After carrying out voice activity detection to tone testing data, the testing result of each voice metrics can be obtained.Detection It as a result include passing through or not passing through.

S140: the corresponding parameter threshold of the adjustment unacceptable voice metrics of testing result.

After carrying out voice activity detection to tone testing data, the testing result of each voice metrics can get.For every A voice metrics show the corresponding parameter threshold setting of the voice metrics if the testing result of the voice metrics is to pass through It is relatively reasonable, if the testing result of the voice metrics is not pass through, the corresponding parameter threshold of the adjustable voice metrics. The initial value of the corresponding parameter threshold of each voice metrics can be the preset value with higher evaluation criteria.

Specifically, can reduce energy parameter threshold value if the unacceptable voice metrics of testing result are energy value.

Tone testing data are one section that collected user is read with normal word speed, sound size in quiet environment Words, if determining that the corresponding voice metrics detection of energy value does not pass through by voice activity detection, then showing the voice metrics pair The energy parameter threshold value answered may be arranged larger, can reduce energy parameter threshold value.Specifically, prompt information can be exported, Prompt user manually adjusts, or is spaced automatic reduce according to setting.If present energy parameter threshold is 10,2 are divided between setting, Then energy parameter threshold can be reduced to 8.

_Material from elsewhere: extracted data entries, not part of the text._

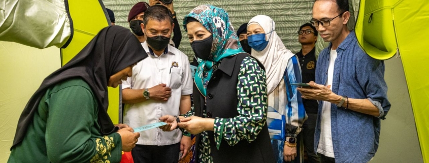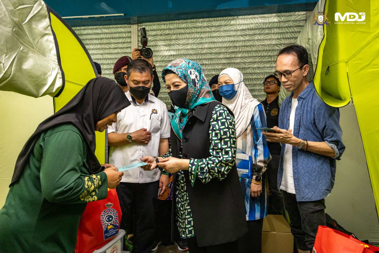 Permaisuri Johor, DYMM Raja Zarith Sofiah Binti Almarhum Sultan Idris Shah memberi sumbangan kepada mangsa terjejas banjir melalui Yayasan Raja Zarith Sofiah Negeri Johor (YRZSNJ) di Pusat Pemindahan Daerah (PPS) Daerah Kota Tinggi. | Foto MDJ Nurina Aisyah.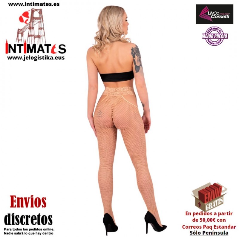 Gina · Medias de rejilla beige con entrepierna abierta y cinturón decorativo · Livco Corsertti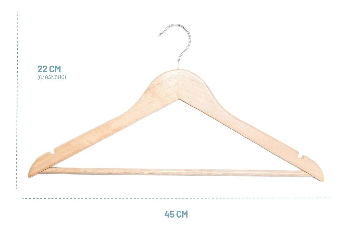 - Medidas: 45 cm de ancho x 22 cm de alto - Material: Madera rígida lustrada y laqueada para mayor durabilidad y un acabado sofisticado. - Gancho: Acero metálico giratorio, resistente y práctico. - Uso: Ideal para camisas, blusas, vestidos, pantalones y todo tipo de prendas que necesites organizar en tu placard.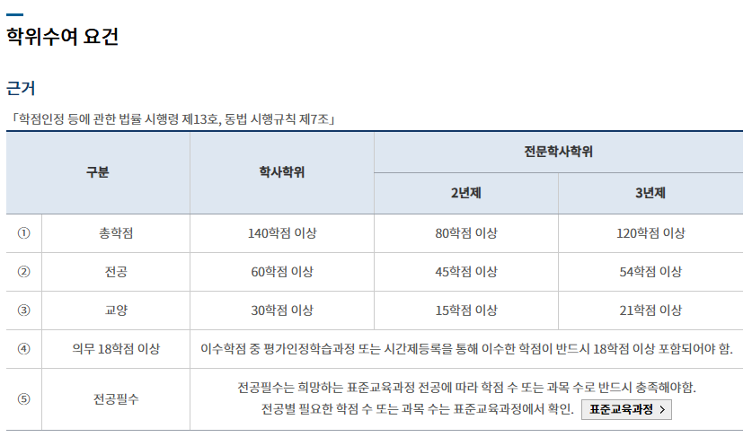 | 전문대졸 | 140학점 | 수업,전적대,자격증,독학사 | 1년 ~ 1년반 |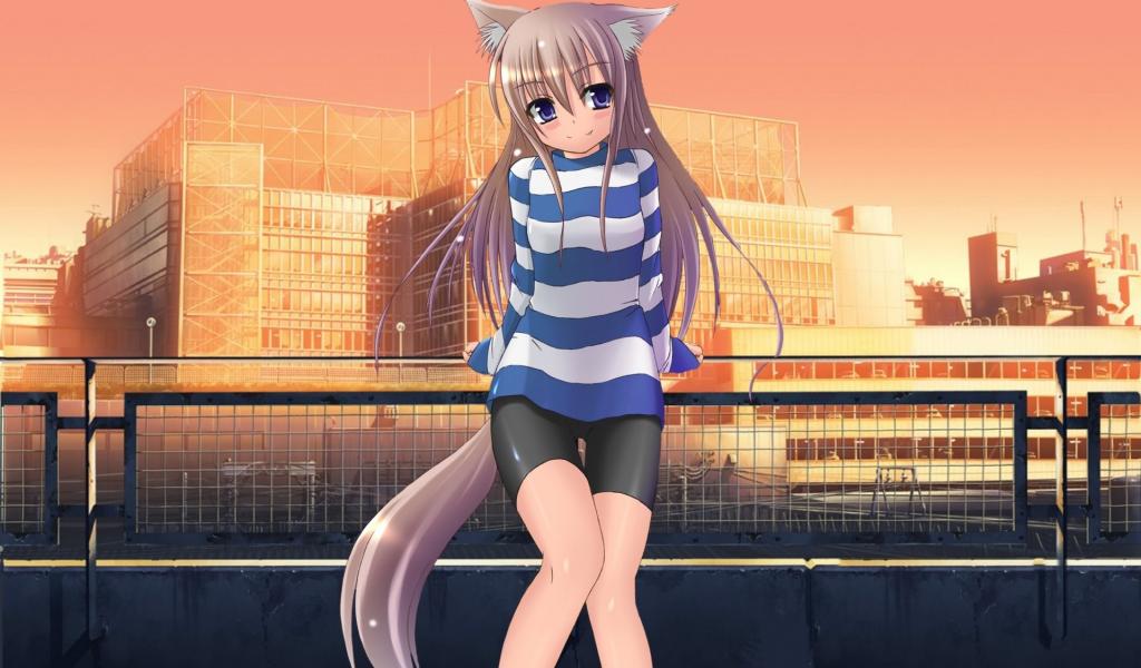 Wallpaper Girl cat on a background of buildings, anime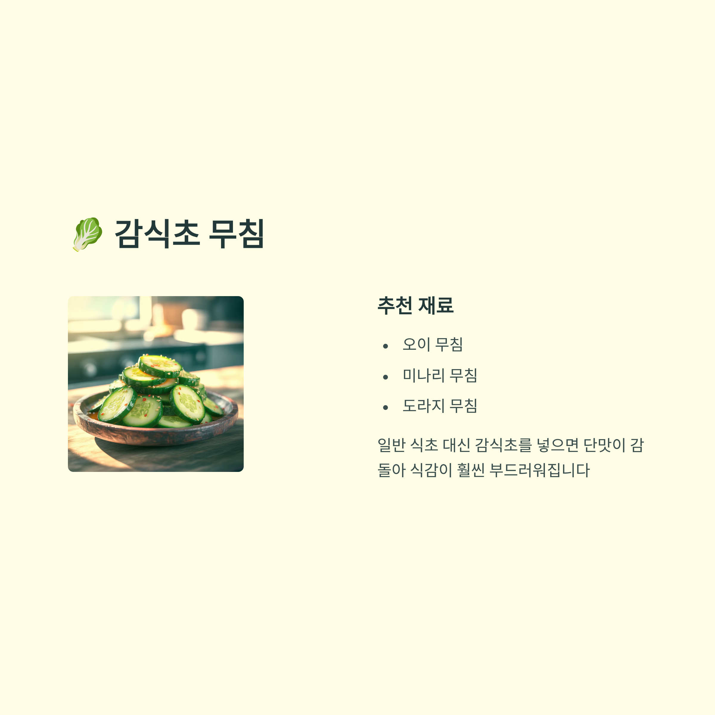 오이, 미나리, 도라지 무침 등에 일반 식초 대신 감식초를 넣으면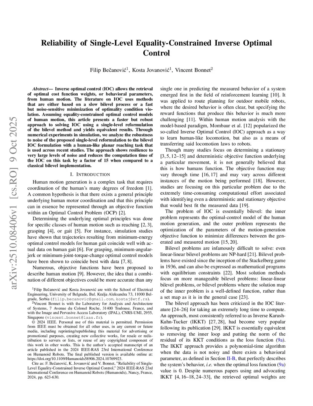 Inverse optimal control (IOC) allows the retrieval of optimal cost function weights, or behavioral parameters, from human motion. The literature on IOC uses methods that are either based on a slow bilevel process or a fast but noise-sensitive minimization of optimality condition violation. Assuming equality-constrained optimal control models of human motion, this article presents a faster but robust approach to solving IOC using a single-level reformulation of the bilevel method and yields equivalent results. Through numerical experiments in simulation, we analyze the robustness to noise of the proposed single-level reformulation to the bilevel IOC formulation with a human-like planar reaching task that is used across recent studies. The approach shows resilience to very large levels of noise and reduces the computation time of the IOC on this task by a factor of 15 when compared to a classical bilevel implementation.

If the unacceptable voice metrics of testing result are signal-to-noise ratio, signal-to-noise ratio parameter threshold can reduce.

As described, tone testing data be collected user with normal word speed, sound size quiet One section of word that environment is read determine the corresponding voice metrics inspection of signal-to-noise ratio if carrying out voice activity detection to tone testing data Survey does not pass through, then it is larger to show that the corresponding signal-to-noise ratio parameter threshold of the voice metrics may be arranged, and can reduce signal-to-noise ratio ginseng Number threshold value.Specifically, prompt information can be exported, user is prompted to manually adjust, or is spaced automatic reduce according to setting.Such as work as Preceding signal-to-noise ratio parameter threshold is 10, and 2 are divided between setting, then signal-to-noise ratio parameter threshold can be reduced to 8.

If the unacceptable voice metrics of testing result are effective voice, effective voice parameter threshold can reduce.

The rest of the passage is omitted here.